A Combined Angelica gigas and Artemisia dracunculus Extract Prevents Dexamethasone-Induced Muscle Atrophy in Mice through the Akt/mTOR/FoxO3a Signaling Pathway

Round 1

Reviewer 1 Report

Oh et al. reported the beneficial effects of the combination of Angelica gigas and Artemisia dracunculus extract on dexamethasone-induced muscle atrophy.

 

1. Why was pre-administration of CHDT for 15 days required? The authors need to show whether CHDT still prevents DEX-induced muscle atrophy without pre-administration of CHDT.

 

2. Several papers show that Dex enhances muscle regeneration and decreases the expression of inflammatory factors, which is contradictory to your observation (Cell Death Discov. 7, 35 (2021); Neuromuscul Disord. 2010 Feb;20(2):111-21).
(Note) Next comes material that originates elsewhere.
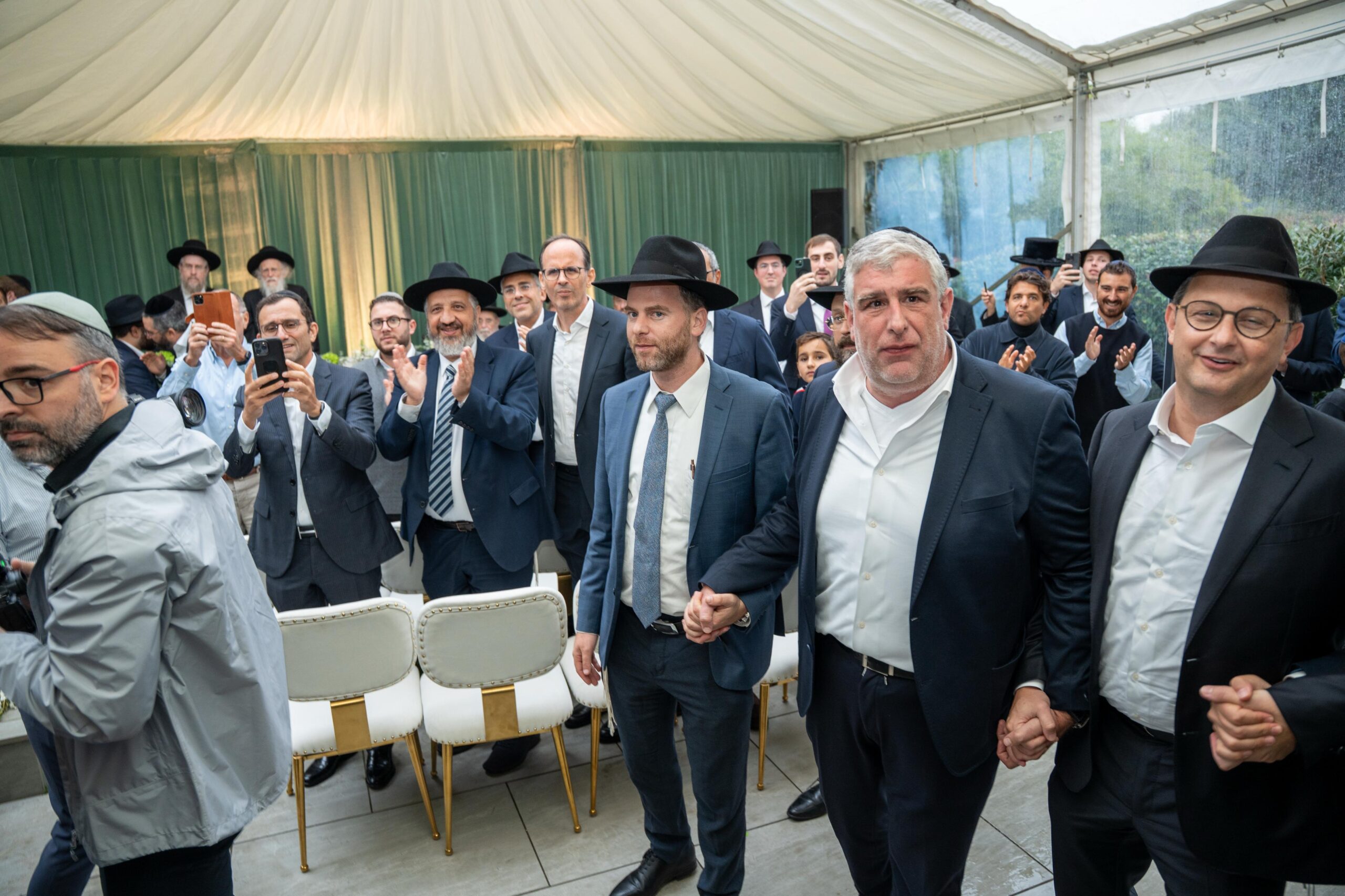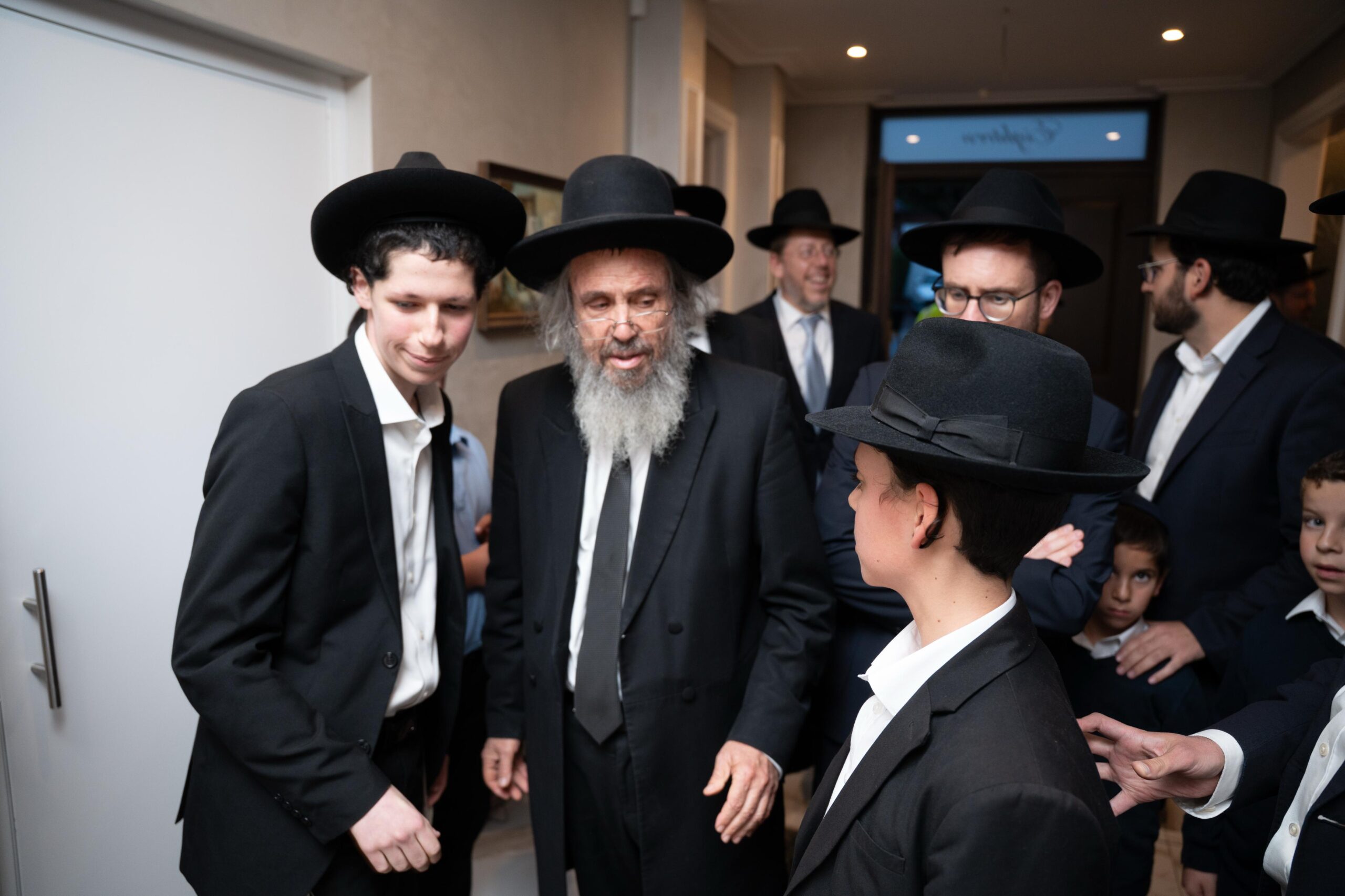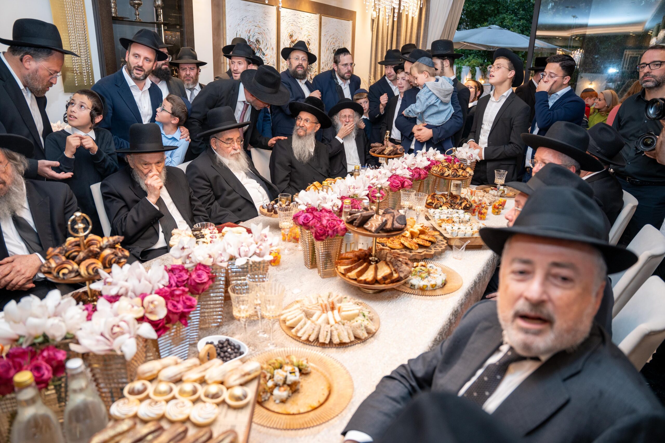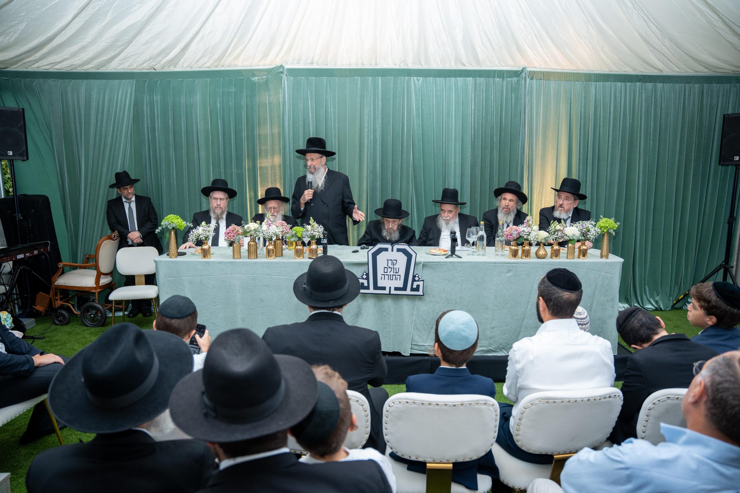 Later, a gathering was hosted at the home of R’ Yisroel Ples, where Harav Moshe Hillel Hirsch shlit”a addressed the gathering, speaking passionately about the unparalleled privilege of mesirus nefesh for Torah. The evening concluded with the entire assemblage singing stirring zemiros of preparation for the Yomim Nora’im.

The authors need to test the effect of CHDT on C2C12 myogenesis in the presence of Dex.

 

3. mTORC1 regulates protein synthesis by activating S6K1 and 4EBP1. Since CHDT activated Akt, not S6K1 and 4EBP1, p-mTOR might come from mTORC2. The authors need to test whether CHDT increases mTORC2 activity in DEX-induced muscle atrophy by immunoprecipitating with an anti-rictor and testing mTOR phosphorylation in IPed mTOR. 

 

4. The authors need to test the effect of rapamycin on CHDT-induced prevention of DEX-induced muscle.  

 

 

4. When did you measure the lean mass and muscle mass of mice with DEX-induced muscle atrophy in Fig. 3? You need to add detailed information (duration for treatment; the number of mice for a group) in all Figure legends.

 

5. The effect of CHDT on MyoD and myogenin in Qua was different from one in Gas. The authors need to discuss this in ‘Discussion’ section. 

 

6. The authors need to move the result of HPLC from the materials and methods section to the result section. 

 

 

7. All data points need to be presented in all figures.

 

Author Response

We sincerely thank the Reviewer for their thorough review of our manuscript and for the constructive suggestions that we received. We have tried to adequately respond to each comment received from the Reviewer. We believe that the Reviewer’s comments and suggestions have considerably improved our manuscript. We hope that our manuscript will be published in the Cells.

Comments from Reviewer 1

Point 1: Why was pre-administration of CHDT for 15 days required? The authors need to show whether CHDT still prevents DEX-induced muscle atrophy without pre-administration of CHDT.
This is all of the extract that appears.